WHAT YOU NEED TO DO: Output the whole listing exactly, with no pictures.
*** Opening of SUPPLIED DATA ***
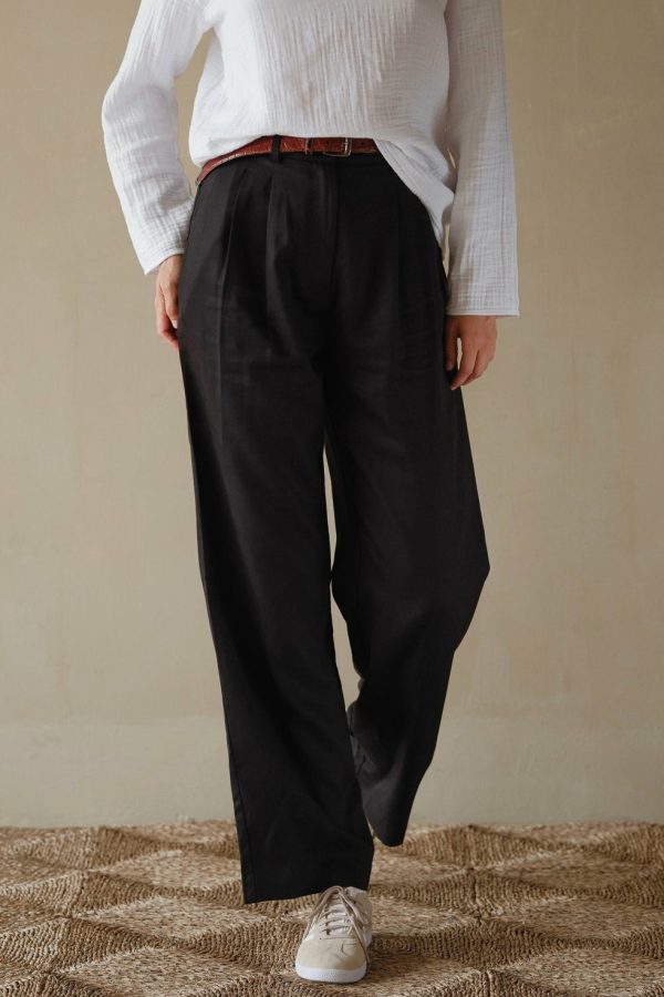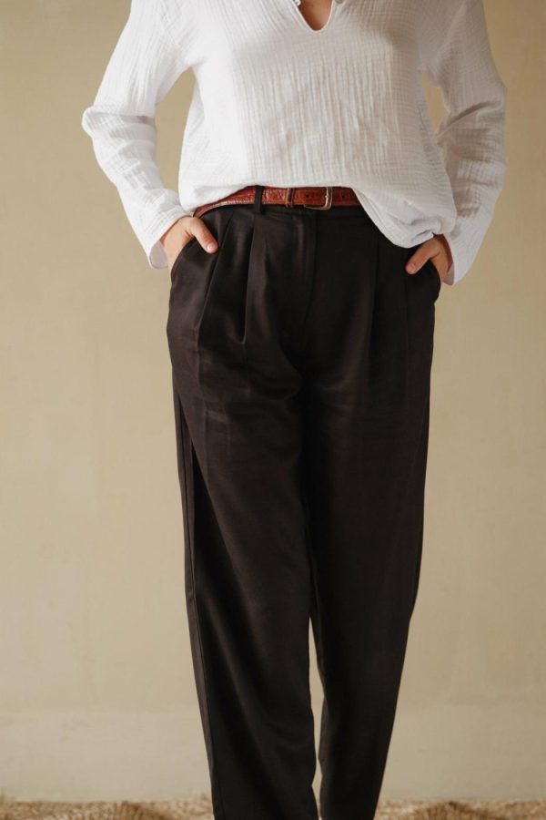 The Pleated Trouser is crafted with 100% Lyocell Twill, featuring a relaxed fit, mother of pearl buttons, belt loops, pockets and pleats.
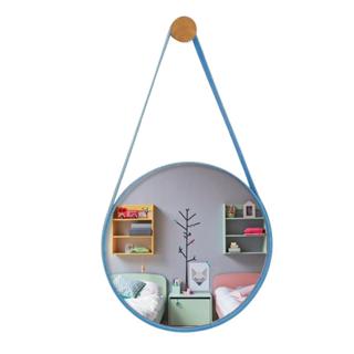 Espelho Decorativo Redondo Com Couro Adnet Infantil Quartos Salas C/ Pino Suporte
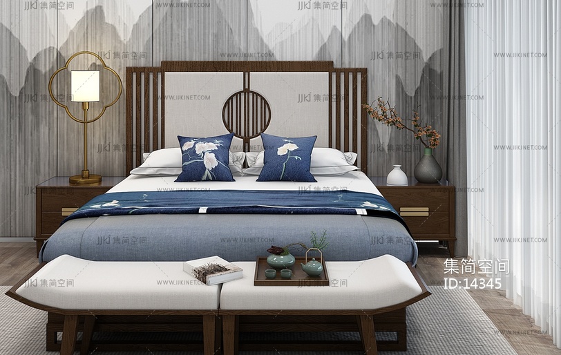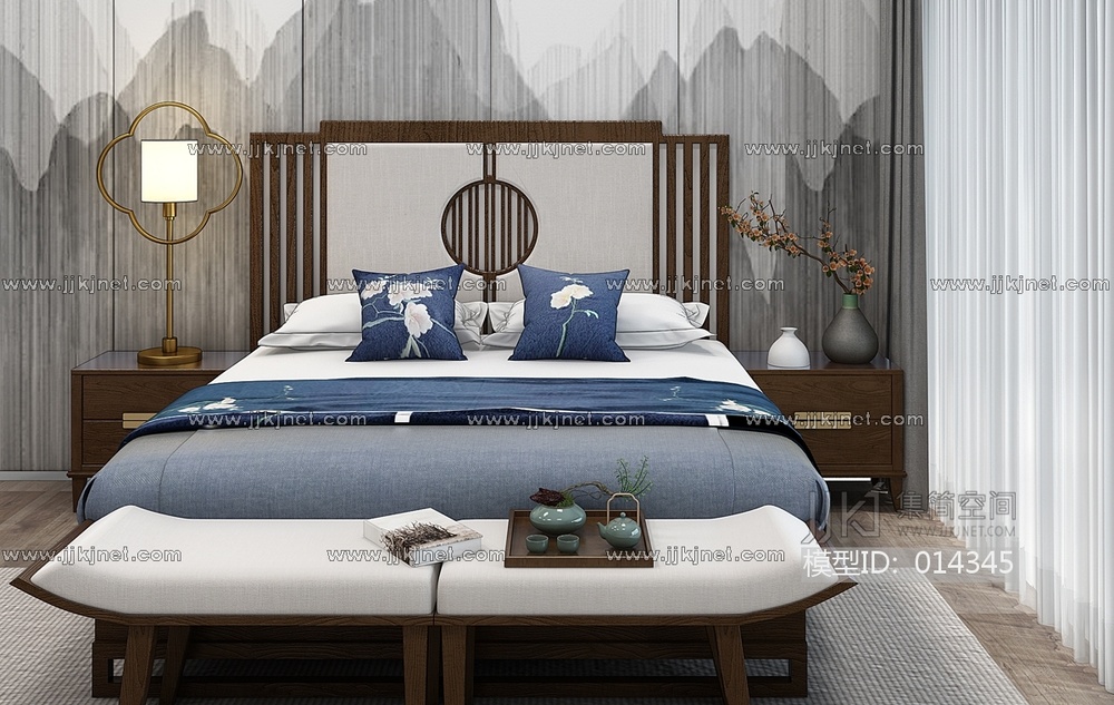 H18-1222中式床床头柜床尾榻凳 3d模型下载 [模型ID:14345]
*** Close of SUPPLIED DATA ***
OUTPUT OF THE EXERCISE:
 The Pleated Trouser is crafted with 100% Lyocell Twill, featuring a relaxed fit, mother of pearl buttons, belt loops, pockets and pleats.
 Espelho Decorativo Redondo Com Couro Adnet Infantil Quartos Salas C/ Pino Suporte
 H18-1222中式床床头柜床尾榻凳 3d模型下载 [模型ID:14345]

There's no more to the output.